Abstract: Background: Tobacco bacterial wilt caused by Ralstonia solanacearum is a devastating disease in Solanaceae crops and the pathogen is a notorious pathogen worldwide. Methodology: The phenotypic characterization of R. solanacearum under various osmolytes and pH environments were analyzed by using biolog Phenotype Microarray system (PMs). Using PM plates 9 and 10, 192 different assays were tested, including 96 different osmolytes and 96 pH environments. Results: Result presented that all four isolates of R. solanacearum exhibited similar phenotypic fingerprints. They had wide range adaptabilities in osmolytes with up to 4% sodium chloride, up to 20% ethylene glycol, up to 4% urea, up to 2% sodium lactate, up to 200 mM sodium phosphate (pH 7), up to 50 mM ammonium sulfate (pH 8), up to 100 mM sodium nitrate and up to 80 mM sodium nitrite. The bacterium did not grow at other osmolytes, including sodium chloride ranging from 5.5-10%, sodium formate ranging from 3-6%, urea ranging from 5-7%, sodium lactate ranging 7-12% and sodium benzoate (pH 5.2) ranging from 100-200 mM. They also exhibited active metabolism under pH values between 5 and 10, with an optimal pH value of around 6. The R. solanacearum showed active deaminase activity, while no decarboxylase activity in the presence of various amino acids. Conclusion: This study increased understanding on the bacterium, especially in survivability of the bacterium in the environment and would provide valuable profiles in developing practical ideas and methods for the disease control.
INTRODUCTION
Tobacco bacterial wilt caused by Ralstonia solanacearum (Smith) causing is a notorious soil-borne bacterial disease.
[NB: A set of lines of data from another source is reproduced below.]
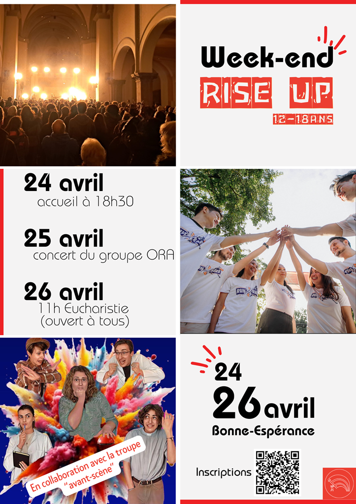 Le weekend Rise Up!, c’est un moment pour te ressourcer, rencontrer d’autres jeunes chrétiens de ton âge (12-18 ans), et continuer à fêter Pâques!
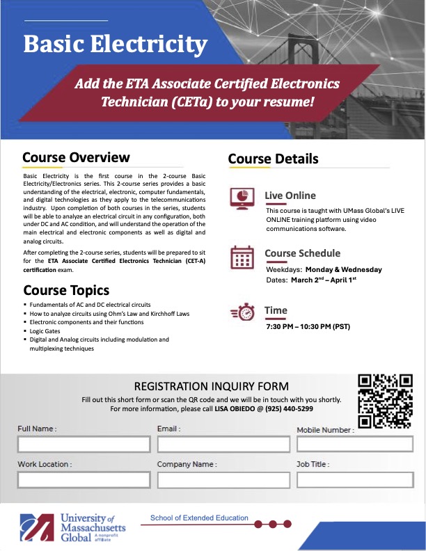 We are pleased to share with you the latest classes covered by our CWA negotiated Frontier Tuition Assistance program offered by UMass Global. These cutting-edge classes are fully covered by your annual benefit with no out-of-pocket expense to you. They each have the flexibility you need to learn from home through an innovative, live-streaming platform. All classes are LIVE ONLINE with expert instructors using UMass Global’s Adobe Connect Pro platform. And in case you miss a session, all class sessions will be recorded and can be watched at your convenience.
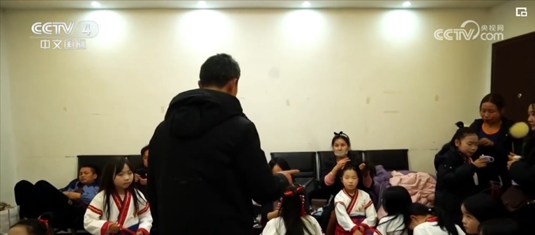 學(xué)生們要放寒假了,郭云兵的寒假計(jì)劃已經(jīng)排的滿(mǎn)滿(mǎn)當(dāng)當(dāng),其中一項(xiàng)就是帶領(lǐng)朗誦團(tuán)參加當(dāng)?shù)厣賰捍和淼匿浿啤TS多新加入的成員還是第一次站上舞臺(tái),上場(chǎng)前郭云兵給他們加油打氣。

Its pathogen has a large host range of more than 200 species in 50 families and a worldwide distribution1. It is a major threaten in the production of several important economy crops, including tobacco, tomato and potato in the world2. Recently, R. solanacearum is one of the wide spread and most important bacterial phytopathogens in flue-cured tobacco3. Symptoms of bacterial wilt include leaf wilting, yellowing and necrosis4. The bacterium spreads through contaminated irrigation water and infected planting material and survives in infested soil, infected plants, susceptible weed hosts and volunteer crops5.
Ralstonia solanacearum presents great diversities in geographical distribution, host range, physiological properties and pathogenicity6,7. Most bacterial wilt in host of tobacco in China caused by R. solanacearum belongs to Race 1 biovar 3 (R1Bv3)8-10. With environment variation of soil in the growing season, soil osmolytes and pH environments may change greatly. This fluctuation may influence the survival of the soil pathogen R. solanacearum. However, to the best of our knowledge, the survival ability of R. solanacearum under various osmolytes and pH environments is still unclear and will also affect the control of bacterial wilt.
Recently, a high throughput Phenotypic Microarray (PM)/Omnilog system, was developed by the company Biolog (Hayward, CA) to assay osmotic and pH metabolic phenotypes of many microorganism11. In the system, microorganism cells in test medium including a tetrazolium dye are inoculated into 96-well plates, where the plates include various substances to analyze for varying effects of osmotic, ionic and pH environments. A software sketches kinetic data of color formation against time for each well and ascribes artificial color to each plot.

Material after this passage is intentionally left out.